INHOUD GESCHREVEN STAD
HOME

TEKSTEN

AUTEURS
BRABANTS
INTERVIEWS
SPECIAAL

Geschreven stad

Besterd - door Jan Naaijkens

Toen ik dertien jaar was (in 1932) zat ik op de R.K. Mulo in de Koestraat, waar de brave frater Johannes de scepter zwaaide.

Schuin tegenover de school stond een kerk, in mijn ogen een imposant gebouw, dat in de strijd der moderne iconoclasten een droevig einde heeft gevonden: de kerk is afgebroken...

Nu ik zoveel ouder en weinig wijzer geworden ben, betwijfel ik of het bouwwerk echt zo indrukwekkend was. Maar hoe het ook moge zijn: het was krachtiger en verbeeldingrijker dan het bouwsel dat ervoor in de plaats is gekomen. Zo gaat het bijna altijd in de huidige afbraakcultus. Het sterke en boeiende moet het veld ruimen voor povere pogingen.

Nog in de jaren vijftig was de kerk het middelpunt van een bloeiend parochieel leven. Er heerste een opgewekt, christelijk gemeenschapsbesef.

Dat bleek in 1951, toen de parochie haar gouden bestaan herdacht. Dat moest op grootse wijze gevierd worden. In de geest dier dagen lag de opvoering van een massaal openluchtspel voor de hand.

Pastoor M.C. Nabuurs nam een verstandig besluit en legde de organisatie in handen van kapelaan Roothans, een geestdriftige, beschaafde jonge priester. Deze op zijn beurt nam het enig juiste besluit door aan mij de opdracht te verstrekken tot het schrijven van het herdenkingsspel. Het thema lag voor de hand: het lijden en sterven der Martelaren van Gorcum, de patroonheiligen van de parochie.

De opdracht sprak me aan. Onder de bloedgetuigen bevond zich een dorpsgenoot van mij, de heilige Adrianus van Hilvarenbeek. Als jongen fietste ik herhaaldelijk met verholen trots door de straat in den Besterd waar het langste straatnaambord uit de verre omtrek zijn eeuwige roem verkondigde.

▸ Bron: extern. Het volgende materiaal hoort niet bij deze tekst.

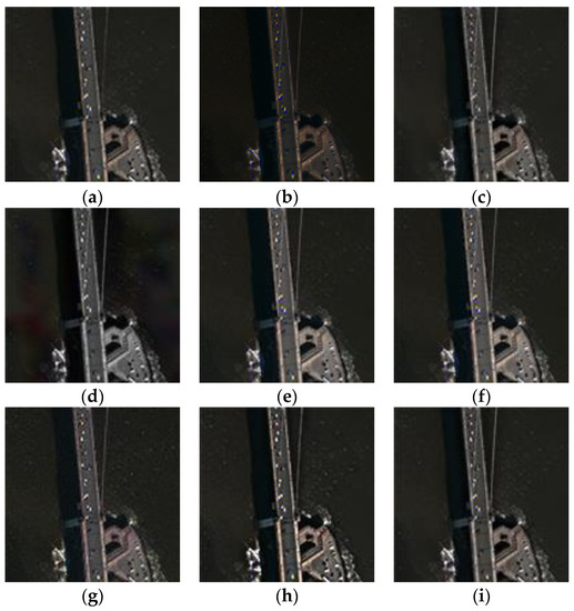 The fusion results of the WorldView-2 data set on the bridge area: (a) reference; (b) IHS; (c) NSCT-PCNN; (d) NSST-SR; (e) MSVD; (f) PRACS; (g) GSA; (h) MF-HG; and, (i) proposed.

Het spel kreeg tot titel: Galg der glorie. Onder regie van mijn vriend Eugène van der Heijden zou het worden opgevoerd op een schoolplein, met de absis van de kerk als achtergrond.

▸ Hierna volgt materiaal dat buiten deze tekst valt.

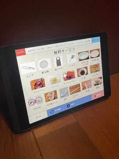 悲しかったのは店員の対応です。 その女性店員はトング入れの中を確認し、無言。 他のテーブルの物と取り替えようとした後(汚れていたと思われる)無言で厨房の方へ消えていきました。 しばらくして、トングとトング入れを持ってきましたが、洗ったであろうトング入れは水が滴る程濡れたままで、おまけに少し汚れが残っていました。 失礼しました...

De uitvoering werd verder een strikt parochiële aangelegenheid. Dat kon, want de gelovigen verdrongen zich om hun aandeel bij te dragen. Onder hen bevonden zich enkele begaafde toneelspelers. Na al die jaren herinner ik me de fameuze rollen van Jan Haans (als Lumey), Harry van Erve (Nicolaas Pieck) en Jan Jaspers (Jan van Omal).

In het monumentale decor van schilder-glazenier Piet Clijsen voltrok zich een voorstelling die diepe indruk maakte. Maar wat wilt u? Was het geen preek voor eigen parochie? Jawel, maar de gereformeerde dominee Visser getuigde: "Zelfs voor mij, geheel andersdenkende in geloofszaken, heeft dit spel een overtuigende indruk gegeven..."

Er zouden zes uitvoeringen gegeven worden, maar inmiddels was er een pokkenepidemie uitgebroken en op hoog beval moesten de laatste vier voorstellingen worden afgelast. Nu nog troost ik me met de gedachte dat ik deelgenoot mocht zijn van een Tilburgse manifestatie van kunde, eendracht en geestdrift die hartverwarmend was.